Listed records —
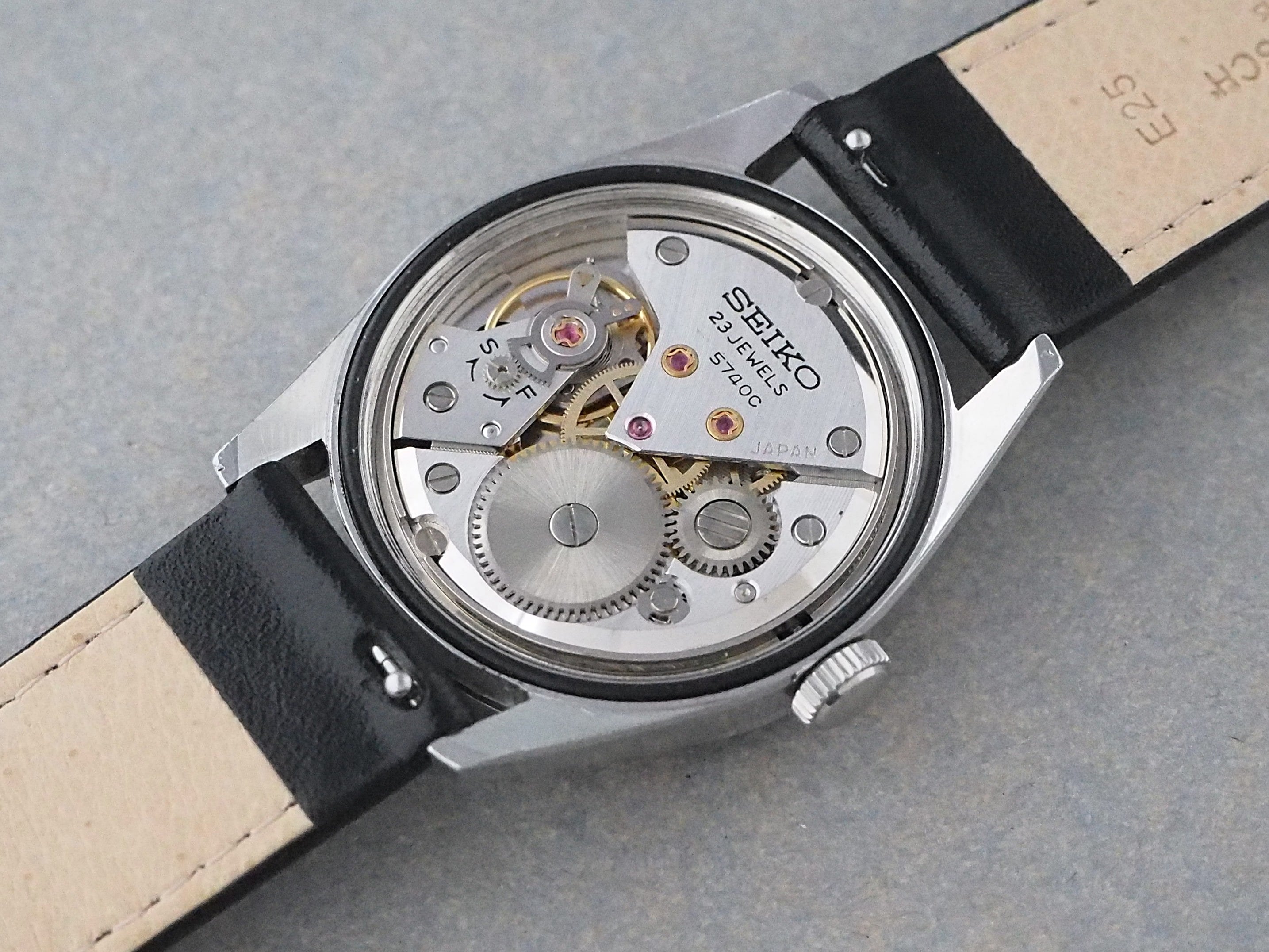 文字盤に表記されている通り、振動数は毎時36000振動のハイビートで、1967年から製造されたこのモデルは国産腕時計初の10振動(毎時36000振動)の製品です。高振動の作動に耐えられるよう堅固に設計された美しいムーブメントを搭載しています。
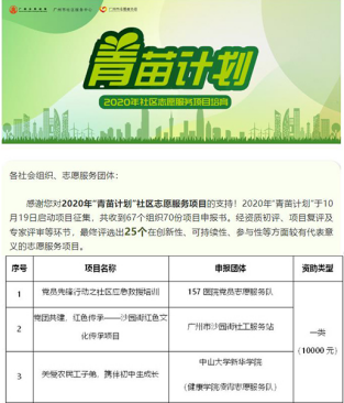 11月18日,广州市志愿者协会公众号发布2020年“青苗计划”社区志愿服务项目公示,中山大学新华学院健康学院凌霄志愿服务队(以下简称凌霄志愿队)的申报项目《关爱农民工子弟,携伴初中生成长》入选一类项目10000元资助的名单。
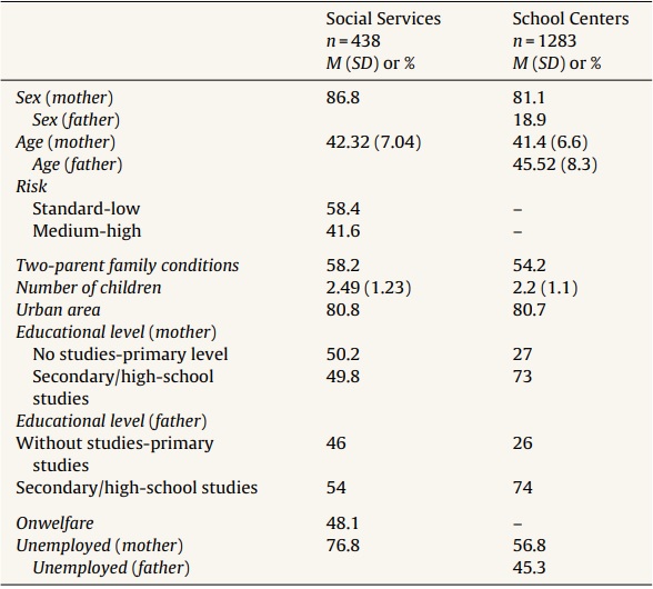This result may be due to that families of schools are coming from standard contexts, with higher level of education and employment, than families of social services and therefore its situation presents less variability.
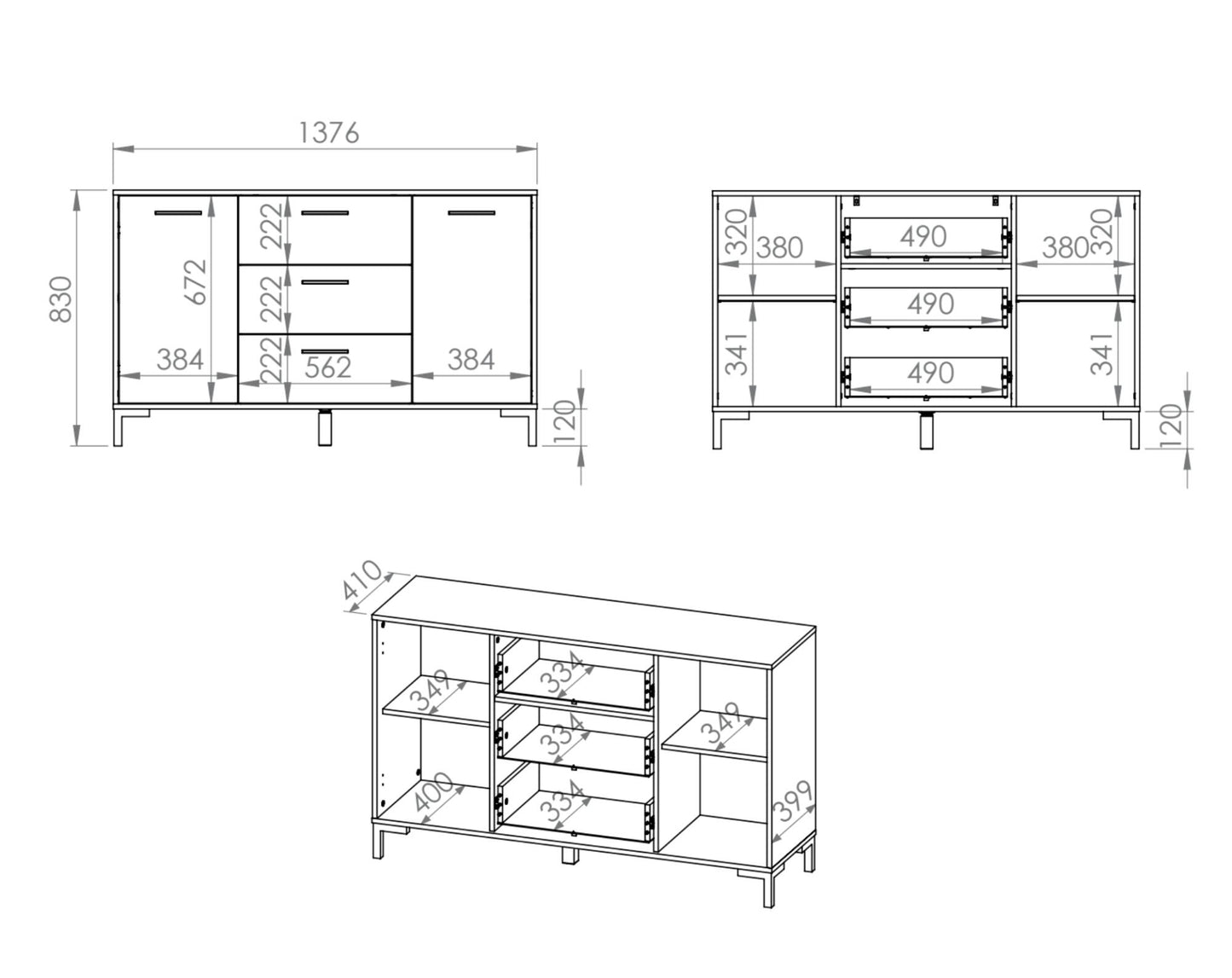 SIDEBOARD NEVIO OAK & BLACK 138CM
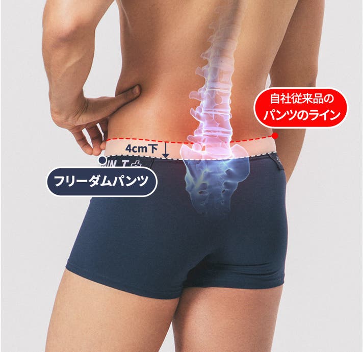 フリーダムパンツは、女性の方が着用するゴム紐のないパンツに着眼して腰を締めるゴム紐バンドを切り取り、腰の不便さが最も多く発生する腰椎4-5番部位をバンドが通らないように設計し、腰椎から4cm降りて前後が断絶した隣のバンドを適用した革新的なデザインを開発することになりました。

Your objective — Leave out any pictures, please, and quote only the lines from the top of the data through the line that contains "SIDEBOARD NEVIO OAK & BLACK 138CM".

Answer to the problem —
 文字盤に表記されている通り、振動数は毎時36000振動のハイビートで、1967年から製造されたこのモデルは国産腕時計初の10振動(毎時36000振動)の製品です。高振動の作動に耐えられるよう堅固に設計された美しいムーブメントを搭載しています。
 11月18日,广州市志愿者协会公众号发布2020年“青苗计划”社区志愿服务项目公示,中山大学新华学院健康学院凌霄志愿服务队(以下简称凌霄志愿队)的申报项目《关爱农民工子弟,携伴初中生成长》入选一类项目10000元资助的名单。
This result may be due to that families of schools are coming from standard contexts, with higher level of education and employment, than families of social services and therefore its situation presents less variability.
 SIDEBOARD NEVIO OAK & BLACK 138CM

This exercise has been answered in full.